# Off Topic > Tips and Tutorials >  >  'Simple Gantt' - Small, feature rich gantt chart requiring minimal formatting - finally!

## mikeem

*Update 1:* Updated with new version. Some cool new tools. Added a key-features guide also. Both links attached. 

Hey all, 

My first post and contribution to the forum. 

*Mini background story:* Looking for an excel gantt chart that mimicked the best of MS project without the size, cost, lack of portability and bell and whistles I could do without led me to many solutions but none really made the cut. Some lacked basic features, other were too high maintenance, others just looked ugly -we're still talking about gantt charts here - So, I built one myself. 


*So what's it?:* 'Simple gantt'. A easy to use, feature rich gantt with some clever functionalities. Everything should work out of the box, so no messing with formulas and dates and all that stuff that makes some existing excel based gantt charts, frankly, really annoying. 

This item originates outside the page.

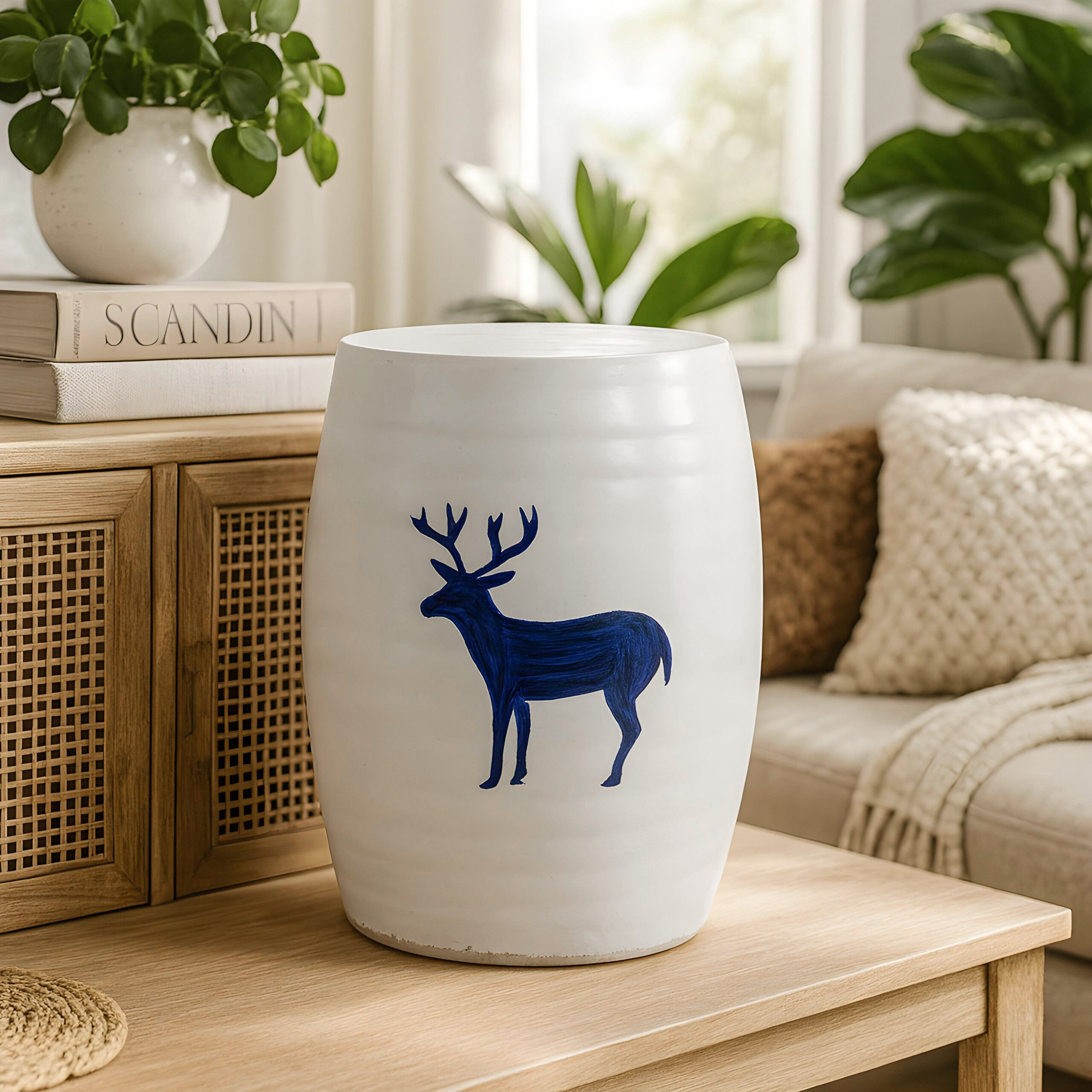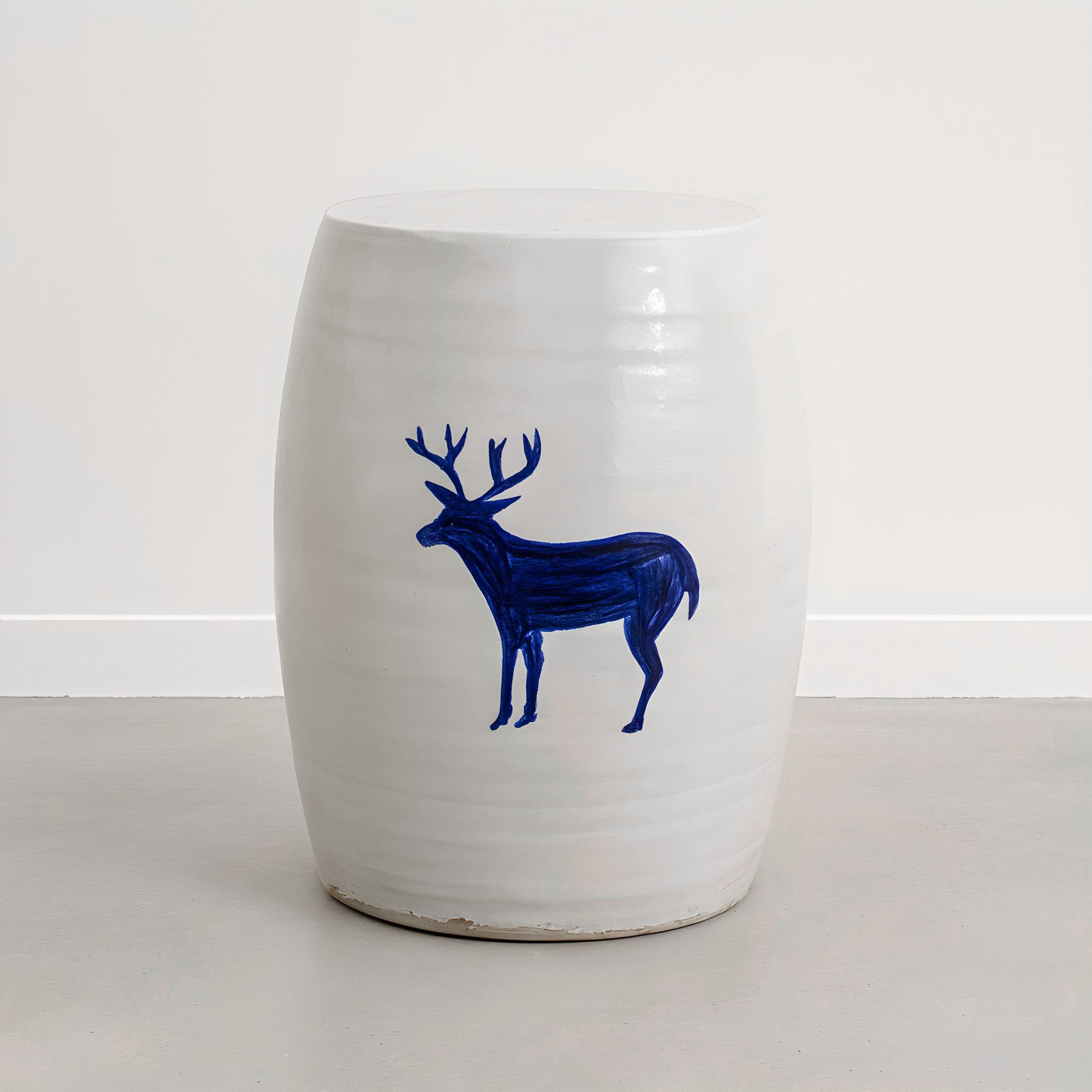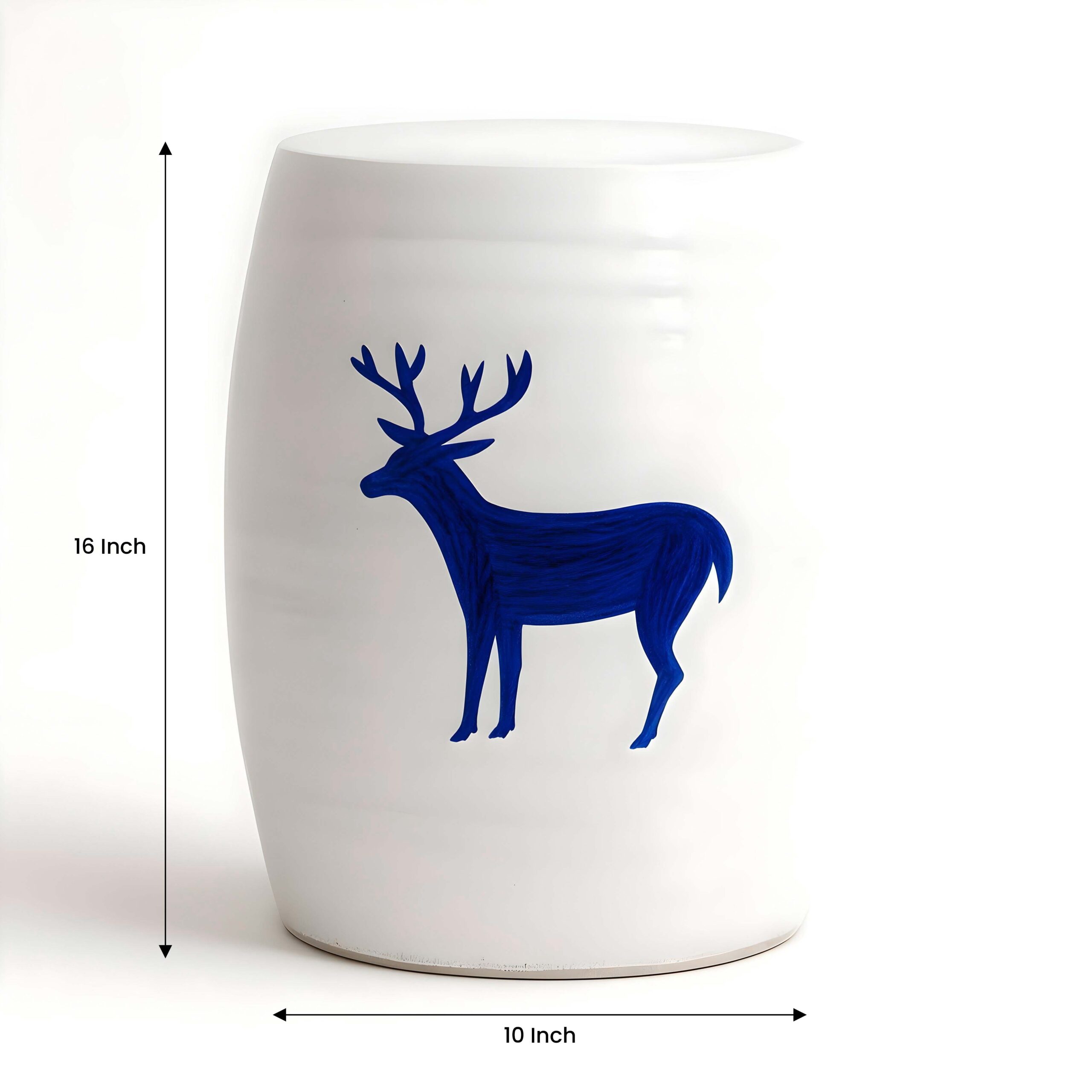 Each table is carefully handmade from strong ceramic, finished with a smooth white glaze that brings out its natural shape. At the center of its design is a bold, hand-painted blue deer that adds a touch of nature and artistic beauty. The unglazed base gives it an authentic, handmade feel.

There's a how to guide/key features inside the tool, but I'll list my favourite here: 

 *The date bars update automatically.* THIS is what every excel based gantt should do. If I have to manually update the date bars everytime my date changes (In a big project, that could be a lot!) that would get ridiculous. Now you don't have to.
Choose the colours of the date bars from a drop down. The current options are blue, green and orange. - Again this is taking something manual and making it automatic. Get a *Task summary via comments anywhere along date bars*. Clicking on any bar in the barchart area creates a comment. In this comment you can see all the key information related to that particular task - including number of days since project began/until project starts. So even if you're scrolling across the barcharts, you have key information at a click. A very cool and quick way to get the key details for a task. Some clever conditional formatting to *highlight weekends, current day, the current task etc.*


That's a brief summary, open it up to see it in action and the rest of the features. It's set up with a dummy project to show how it looks. Make sure to read the how to below the gantt. 


Check it out (it's attached) and let me know what you think. And be kind on the code, I'm not an excel pro but i'd love ideas on how it can be approved. Cheers. 


Mike

----------


## mikeem

Updated with new features and key features guide

----------


## steve@stanley

I like what you've done here, particularly the way the dates across row 2 are automatically updated by the start / due dates in columns E & F.
Is there a way to do that without including weekend days?

I'm working on something similar and can adapt some of your stuff here into mine, but we don't tend to do a lot of weeekend work so if possible i'd like to leave those days out. What i'd done before was manually enter the dates then drag across and format to fill weekdays only.

----------


## Richardlevins

Thanks for update the new features .It is really useful

----------


## tholiver

Got to say... This is very useful solution, especially for me  :Smilie:  Many thanks for this! :Smilie:

----------


## Op_error

You have no idea how happy you've made me!!!!

Thanks a million!

Op :Smilie:

----------